Dollar Erases Trade-War Gains After Sinking to Lowest Since 2018
Comment of the Day

August 18 2020

Commentary by Eoin Treacy

Dollar Erases Trade-War Gains After Sinking to Lowest Since 2018

This article by Carter Johnson may be of interest to subscribers. Here is a section:

The dollar sank to its lowest level since May 2018 on concern that the world’s biggest economy will struggle to regain momentum amid a standoff over further virus relief and as infections continue to mount.

The greenback has now erased most of the gains it built on the back of U.S.-China trade tensions that started heating up around two years ago, fueling worries about global growth prospects. This time investors see the U.S. as the potential laggard amid questions over the government’s response to the pandemic. The euro climbed to a two-year high, extending its advance since last month’s landmark European Union stimulus package brightened the region’s prospects relative to the U.S.

The dollar has been on the defensive since mid-year, with U.S. lawmakers unable to agree on measures to support the economy’s recovery from the pandemic, and with the nation’s real yields dropping to multiyear lows. On top of all that, investors’ attention is turning to the November presidential election and the uncertainty that may bring.

Eoin Treacy's view

The primary argument to support US Dollar strength over the last few years was supply related. The Federal Reserve was raising interest rates and simultaneously reducing the size of its balance sheet.

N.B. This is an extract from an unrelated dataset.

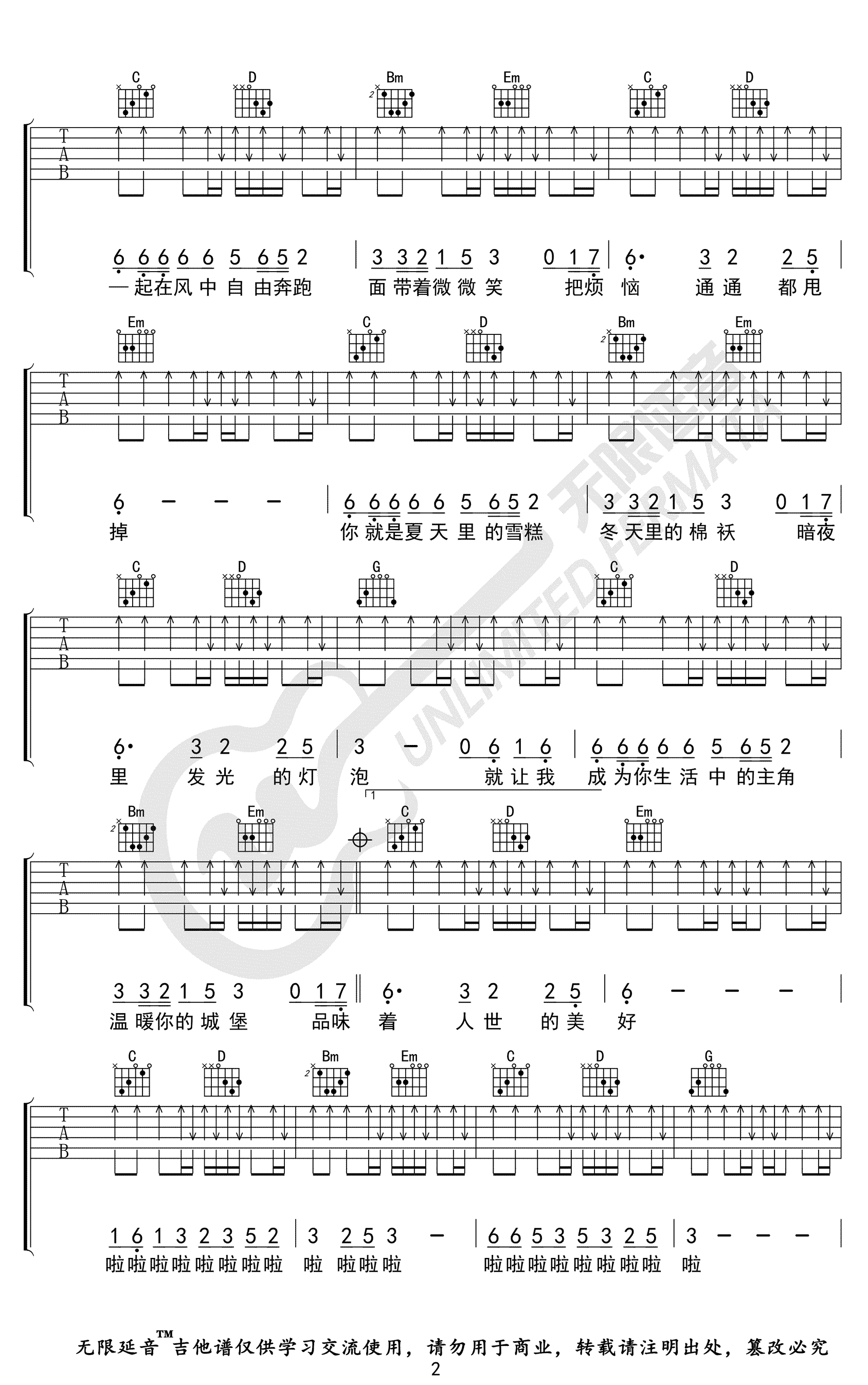 - 棉子《勇气》吉他谱_调弹唱谱_抖音热门歌曲

Never mind whether that was a contributing factor in the pop in high yield spreads at the end of 2018 or the freezing up of the repo market in the autumn of 2019. The supply deficit was a central factor in boosting the value of the Dollar simply because there were fewer of them around. The situation could not be more different today.

The USA has been much more aggressive in boosting money supply than any other country. The Fed’s additional $3 trillion to its balance sheet almost equals the printing of every other major central bank combined.

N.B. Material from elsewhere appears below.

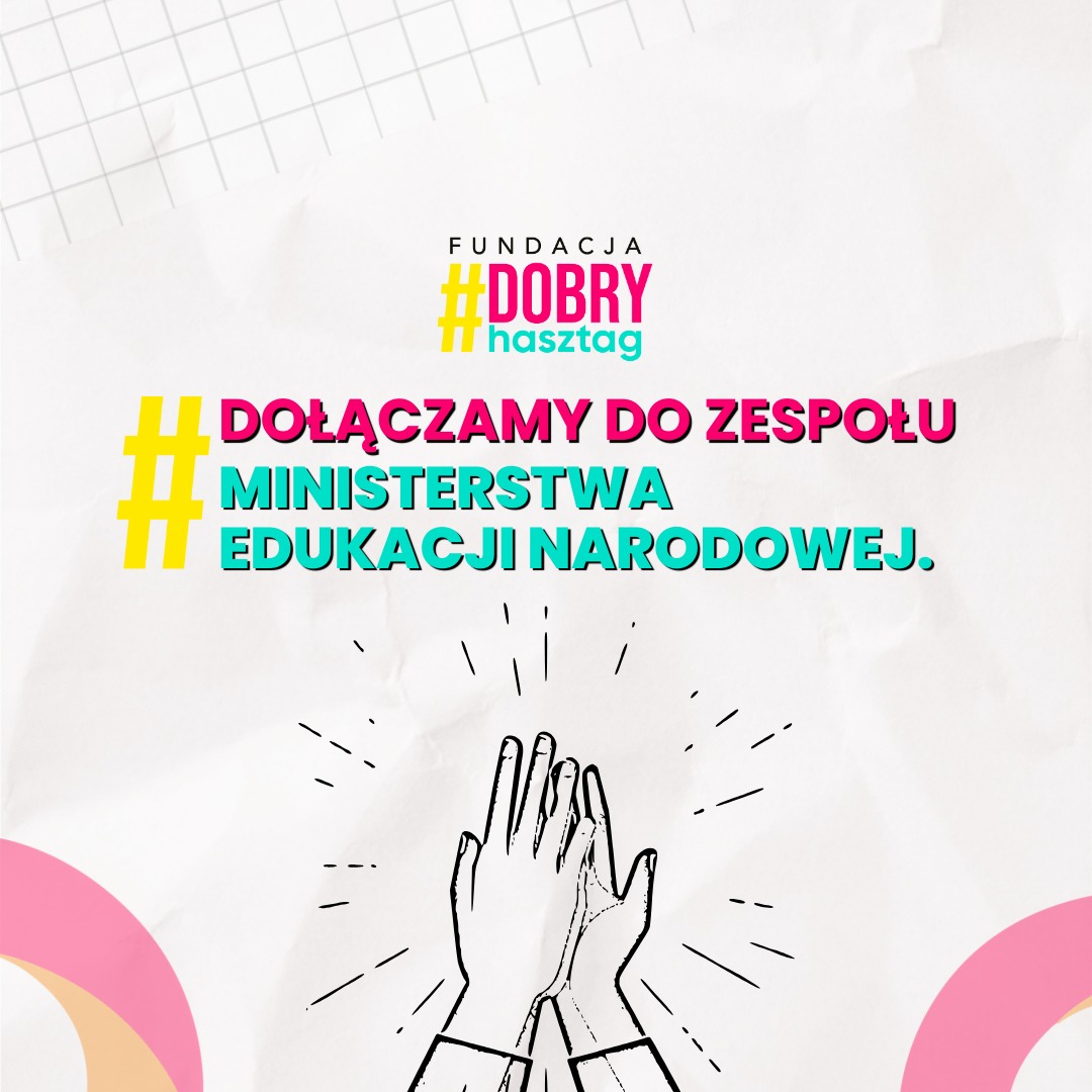 Dołączyła do zespołu współpracującego z 𝗠𝗶𝗻𝗶𝘀𝘁𝗲𝗿𝘀𝘁𝘄𝗲𝗺 𝗘𝗱𝘂𝗸𝗮𝗰𝗷𝗶 𝗡𝗮𝗿𝗼𝗱𝗼𝘄𝗲𝗷. 📣 Z ogromną dumą informujemy, że Fundacja #DOBRYhasztag dołączyła do zespołu współpracującego z 𝗠𝗶𝗻𝗶𝘀𝘁𝗲𝗿𝘀𝘁𝘄𝗲𝗺 𝗘𝗱𝘂𝗸𝗮𝗰𝗷𝗶 𝗡𝗮𝗿𝗼𝗱𝗼𝘄𝗲𝗷. To dla nas nie tylko wielkie wyróżnienie, ale przede wszystkim szansa na jeszcze większy wpływ na przyszłość młodych ludzi…. Czytaj wpis 1 minuta czytania

The rebound in technology shares and multiple stay-at-home success stories have been central to global demand for US stocks which are now close to historic highs. While that represents demand for Dollars, the supply surge is overwhelming even that argument to contribute to the downtrend.

The Euro is testing the psychological $1.20 area but no one really believes the ECB is going to print enough to compete with the Fed’s profligacy. A break in the sequence of higher reaction lows would be the minimum requirement to question potential for additional Euro strength.

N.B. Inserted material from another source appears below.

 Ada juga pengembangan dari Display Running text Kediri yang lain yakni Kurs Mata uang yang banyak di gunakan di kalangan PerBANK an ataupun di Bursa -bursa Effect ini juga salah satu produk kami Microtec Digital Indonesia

It is looking increasingly likely that we are seeing a significant change of trend of the Dollar. That should be beneficial for European equities and they have now broken the inverse correlation with the Euro. That is a significant event because it encourages international investors to participate.

The big looming question is how much conviction the Bank of Japan has in its efforts to avoid Yen appreciation. The ¥104 level could be tested this week or next and usually results in BoJ intervention. Japanese stocks have yet to break the inverse correlation with the Yen.

Emerging markets with currencies that are at least holding steady or appreciating versus the Dollar are likely to be the chief beneficiaries, not least because their Dollar denominated debt will become less burdensome.



The problem areas remain Turkey, South Africa and Brazil. Their currencies are even weaker than the Dollar which is multiplying the challenge from Dollar liabilities.